View larger version (53K): [in this window] [in a new window]   Fig. 5. Myc-Mec1 focus formation and recruitment in rad24, rfa1-t11 and rad51 mutants. (A) Myc-Mec1 localisation was determined by IF in JKM179 derivatives expressing Myc-tagged Mec1 (GA1529, shown in the insets in the rad9 panels), or in strains deleted for rad9, for rad24 or both, after 0 and 4 hours of HO induction on galactose. IF was conducted as in Fig. 1B. Values correspond to the percentage of nuclei exhibiting a single Mec1 focus. (B) Myc-Mec1 ChIP at the HO cleavage site as described in Fig. 1C using the rad9 rad24 double-deletion strain or the wild-type (WT) JKM179 derivative. (C) The percentage of ssDNA at the HO1 site was measured, after HO induction, by QAOS on total DNA from the JKM179-derivative GA1529 (WT), or from JKM179 with null alleles of rad51, rad9 rad24 or rfa1-t11. (D) IF as in Fig. 1B on the wild-type JKM179 derivative (GA1529) and isogenic strains bearing rfa1-t11 (GA2158) or a rad51 deletion (GA2163). Values correspond to the percentage of nuclei exhibiting a single bright Mec1 focus above the background of diffuse Mec1. Note that absence of a focus does not necessarily mean that no Mec1-Ddc2 binds the DSB but rather that the level is below the threshold of detection by IF. (E) Myc-Mec1 ChIP as described in Fig. 1C on JKM179 carrying either the rfa1-t11 mutation or a rad51 deletion. Results are shown for the HO2 probe only, although all probes showed analogous results. Bar, 1 µm.

Mec1 recruitment to a DSB is compromised by the absence of Rad24
Because the generation of ssDNA appears to be crucial for Mec1 binding at the unique HO-induced DSB, we investigated whether the kinetics of Mec1 focus formation would be altered by the absence of Rad24, which was shown to suppress the conversion of DNA into ssDNA at DSB and at damaged telomeres (Aylon and Kupiec, 2003; Maringele and Lydall, 2002). In the absence of HO induction, the rad24 mutant exhibited a diffuse nucleoplasmic pattern of Mec1 staining and, by 4 hours of induction, foci appear in only 8% of the cells (Fig. 5A). At damaged telomeres, the action of Rad24 seems to be counteracted by Rad9 (Lydall and Weinert, 1995; Maringele and Lydall, 2002). We thus analysed Mec1 focus formation in rad9 and rad9 rad24 mutants. In the rad9 mutant, 41% of the cells accumulated bright Myc-Mec1 foci, a value only slightly lower than the 52% observed in wild-type cells (Fig. 5A).
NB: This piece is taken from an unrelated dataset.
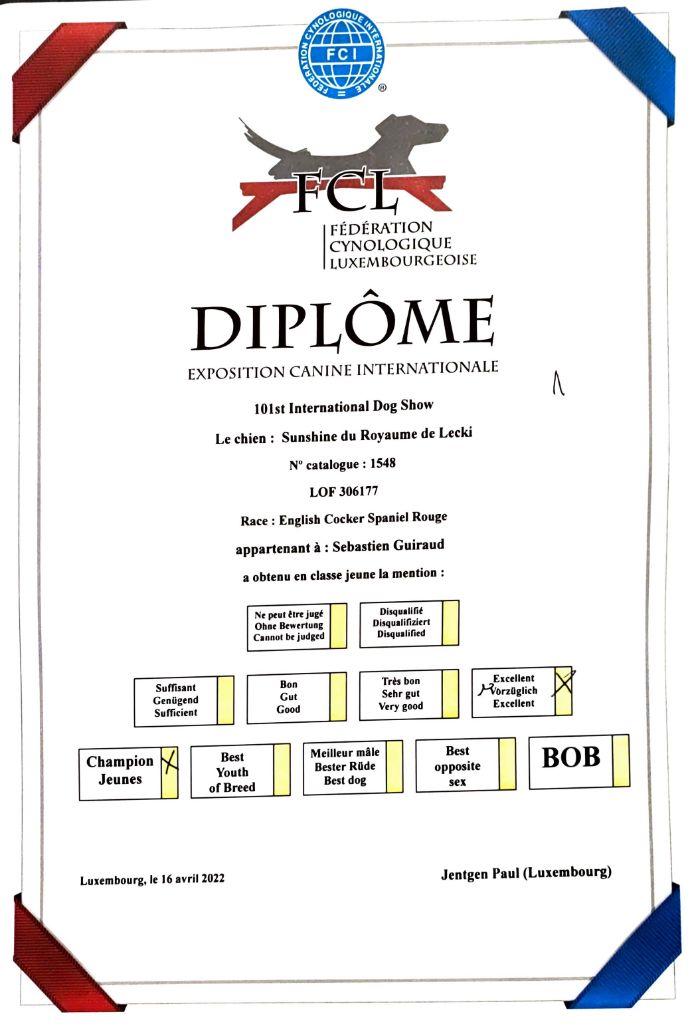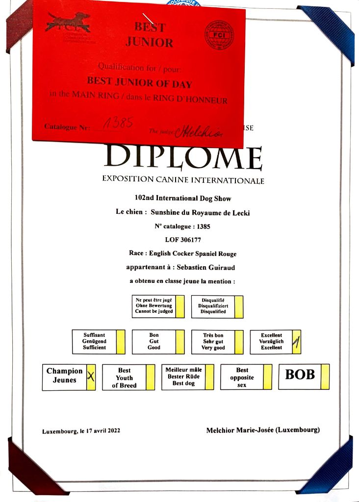 - Luxembourg 2022 : 1er Excellent classe Jeune et Jeune Champion du Luxembourg

Together with the rad53 data in Fig. 2, this result argues that checkpoint activation is not needed for Mec1 focus formation. Contrary to what was observed at telomeres, the defect in Mec1 focus formation in the rad24 strain was epistatic to the rad9 phenotype: notably, the double-mutant phenotype resembled that of the rad24 single mutant (Fig. 4A).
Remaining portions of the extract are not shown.